In der dynamischen Landschaft des italienischen Zivilprozessrechts ist die ordnungsgemäße Zustellung von Gerichtsakten von entscheidender Bedeutung. Zu diesem Aspekt hat der Oberste Kassationsgerichtshof mit Beschluss Nr. 16647 vom 21. Juni 2025 in einer Streitigkeit zwischen D. A. F. und I. Stellung bezogen. Die Entscheidung, die eine Verurteilung des Berufungsgerichts von Bologna aufhob und zur erneuten Verhandlung zurückverwies, bietet grundlegende Klarstellungen zur Gültigkeit von Zustellungen an die öffentliche Verwaltung im Zeitalter des elektronischen Verfahrens.
Bis 2012 konnte die Zustellung an im Verfahren beteiligte öffentliche Verwaltungen (P.A.) bei der Geschäftsstelle erfolgen (Art. 82 R.D. Nr. 37/1934). Das Gesetzesdekret Nr. 179 von 2012 (umgewandelt durch Gesetz Nr. 221 von 2012) hat jedoch die Verwendung der zertifizierten elektronischen Post (PEC) oder des digitalen Domizils für Zustellungen an die öffentliche Verwaltung vorgeschrieben, wie im Schriftsatz der Klageerhebung oder in öffentlichen Verzeichnissen angegeben (Art. 6-ter D.Lgs. Nr. 82/2005). Dieser Wandel zielt auf die Modernisierung der Justiz ab. Was aber passiert, wenn ein Berufungsakt versehentlich noch nach den alten Modalitäten bei der Geschäftsstelle an die öffentliche Verwaltung zugestellt wird?
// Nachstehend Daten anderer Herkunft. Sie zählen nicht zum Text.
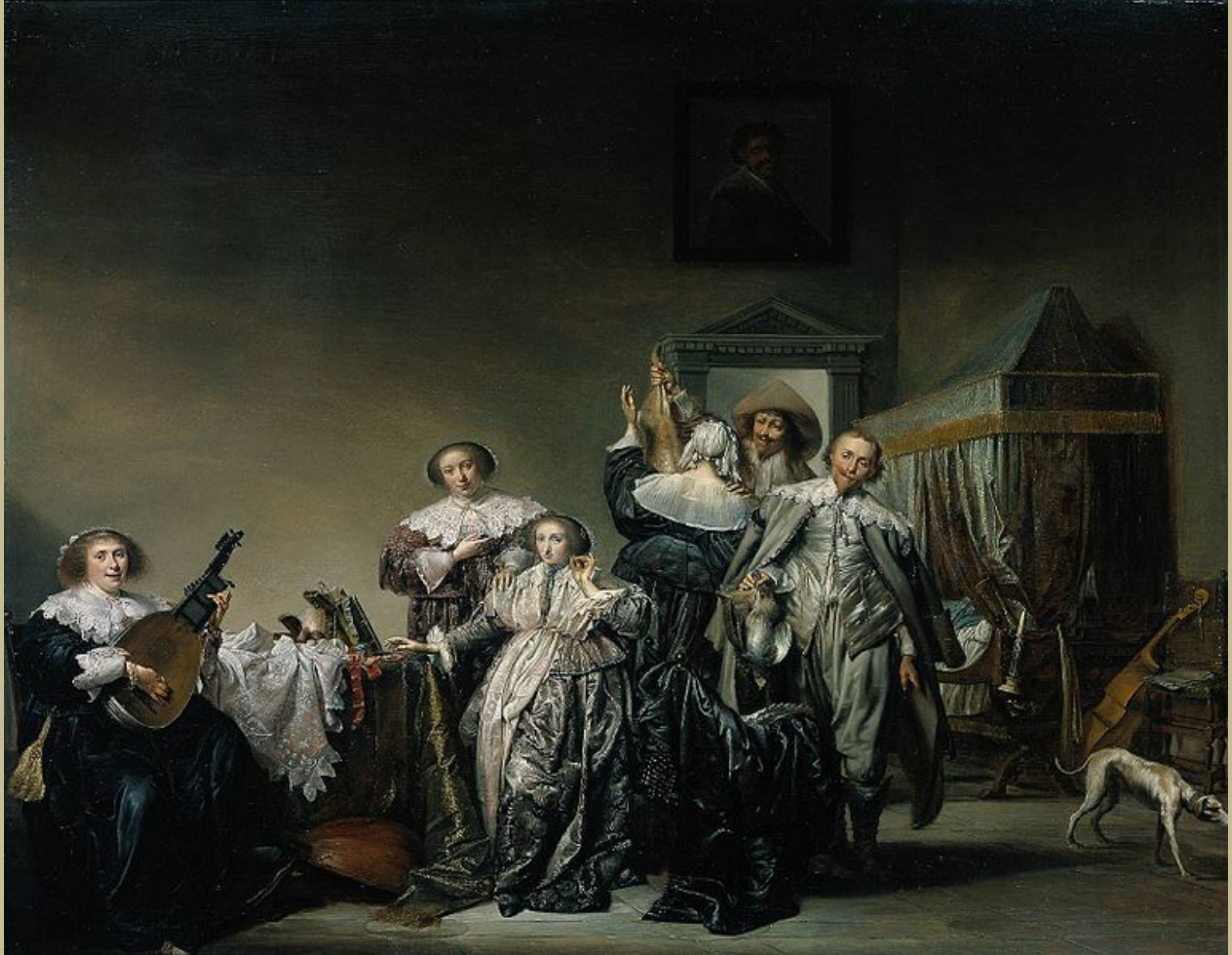
Pieter Codde (Amsterdam, 1599 – Amsterdam, 1678), Cavaliers et dames , 1633, peinture à l'huile sur bois, Amsterdam, Rijksmuseum.

Die Zustellung der Berufungsschrift an eine in erster Instanz durch ihre Beamten vertretene öffentliche Verwaltung, die – nach Inkrafttreten des Gesetzesdekrets Nr. 179 von 2012, umgewandelt mit Änderungen durch das Gesetz Nr. 221 von 2012 – gemäß Art. 82 des königlichen Dekrets Nr. 37 von 1934 bei der Geschäftsstelle des Gerichts und nicht an die von derselben öffentlichen Verwaltung im Schriftsatz der Klageerhebung angegebene PEC-Adresse oder an die im Verzeichnis beim Justizministerium enthaltene Adresse oder noch an die dem im Verzeichnis gemäß Art. 6-ter des Gesetzesdekrets Nr. 82 von 2005 vorgesehene digitale Domiziladresse zugestellt wurde, ist nicht nichtig, sondern nichtig, da sich die Norm über die telematischen Adressen auf den "Ort" (auch im rechtlichen Sinne) bezieht, an den die Zustellung zu richten ist, so dass das Gericht deren Erneuerung gemäß Art. 291 ZPO anordnen muss.
Der Oberste Gerichtshof hat klargestellt: Eine solche Zustellung ist nicht "nicht existent", sondern "nichtig". Dieser Unterschied ist von grundlegender Bedeutung. Ein nicht existenter Akt hat keine Wirkung und kann nicht geheilt werden. Ein nichtiger Akt ist, obwohl fehlerhaft, von minimaler Relevanz und kann korrigiert werden. Der Kassationsgerichtshof begründete, dass, da die Zustellung an einem (wenn auch falschen) "Ort" versucht wurde, keine Rede von Nichtexistenz sein könne. Das Gericht ist daher verpflichtet, die Erneuerung gemäß Artikel 291 der Zivilprozessordnung anzuordnen. Dieser Mechanismus heilt den Mangel, schützt das Recht auf Verteidigung und die Wirksamkeit der gerichtlichen tutela, fördert aber gleichzeitig die Einhaltung der digitalen Modalitäten.
Dieser Beschluss hat erhebliche Auswirkungen für Juristen:
Der Beschluss Nr. 16647/2025 des Kassationsgerichtshofs unter dem Vorsitz von L. E. und mit F. P. als Berichterstatter ist ein wichtiger Bezugspunkt für die Anwendung der Vorschriften über das elektronische Verfahren. Er bekräftigt die Notwendigkeit, sich bei Zustellungen an die öffentliche Verwaltung an die digitalen Kanäle anzupassen, bietet aber eine ausgewogene Lösung, die übermäßige nachteilige Folgen bei formellen Fehlern vermeidet. Dieses Garantieprinzip gleicht Modernisierung und Rechtsschutz aus und sorgt für Klarheit und Rechtssicherheit.